Le lendemain du match, le réveil est difficile… On avait un peu abusé du sorbet citron avec Layin. Et alors que je prenais ma voiture pour rentrer à la maison, Jeannot apparu sur la banquette arrière. Comment il a fait, je n’ai pas compris. Mais il n’était pas là, et d’un coup, il était là. Dinguerie !
Il a juste fait ça pour me rendre mon téléphone. Puis il a disparu. Pouf.

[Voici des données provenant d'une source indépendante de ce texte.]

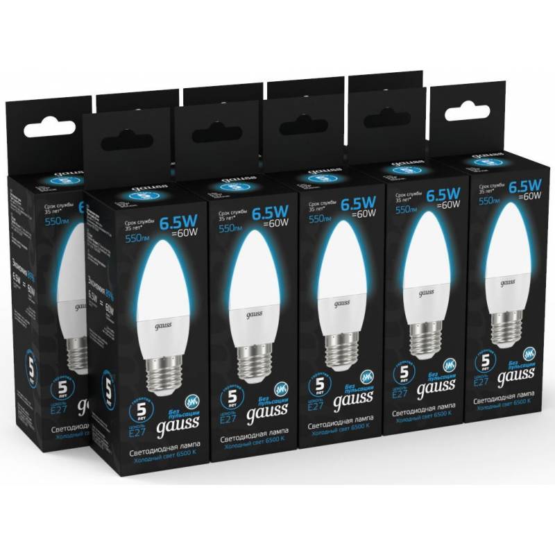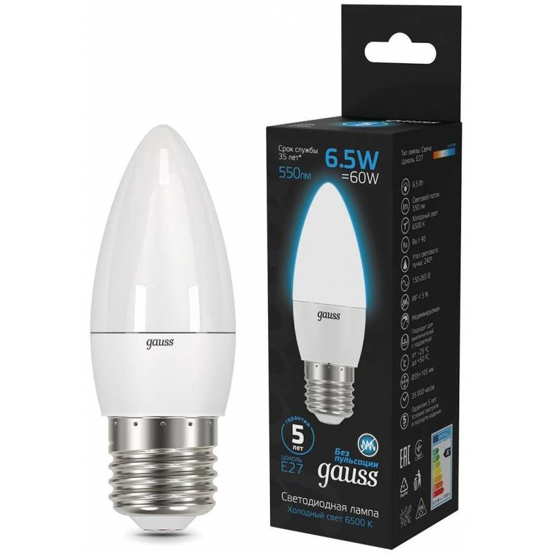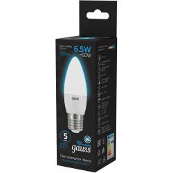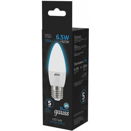 Лампа светодиодная Gauss 103102307 6.5Вт цок.:E27 свеча 220B 6500K св.свеч.бел.хол. (упак.:10шт)

De retour sur le résossocio, j’ai eu beaucoup de demandes concernant mon nouveau but, sur le fait que je n’ai pas fait de pirouette et tout et tout. Et surtout, avec mon nouveau but, les gens continuent de se demander jusqu’où je vais aller. Pour ma part, je n’ai pas d’objectif, sauf ceux que j’ai déjà fixés en fait :

Avec les matchs tout pleins partout dans la semaine, on a du mal à quitter l’ascenseur émotionnel. Vu comment s’était passé la dernière réunion avant Bastia, j’ai décidé d’anticiper, et de me mettre en condition pour aller dans la bouteille de champagne.

Malin comme un singe, j’ai donné mon iPhone à Jeannot à peine on était sorti de l’hôtel. J’avais tout planifié, il n’y a vu que du feu…

D’ailleurs, je me suis gavé durant tout le match… Enfin, surtout la première mi-temps ! Je suis devenu le roi de la réflexion capilotractée, ce qui pour moi, vu ma coupe de cheveux, n’est pas une mince affaire.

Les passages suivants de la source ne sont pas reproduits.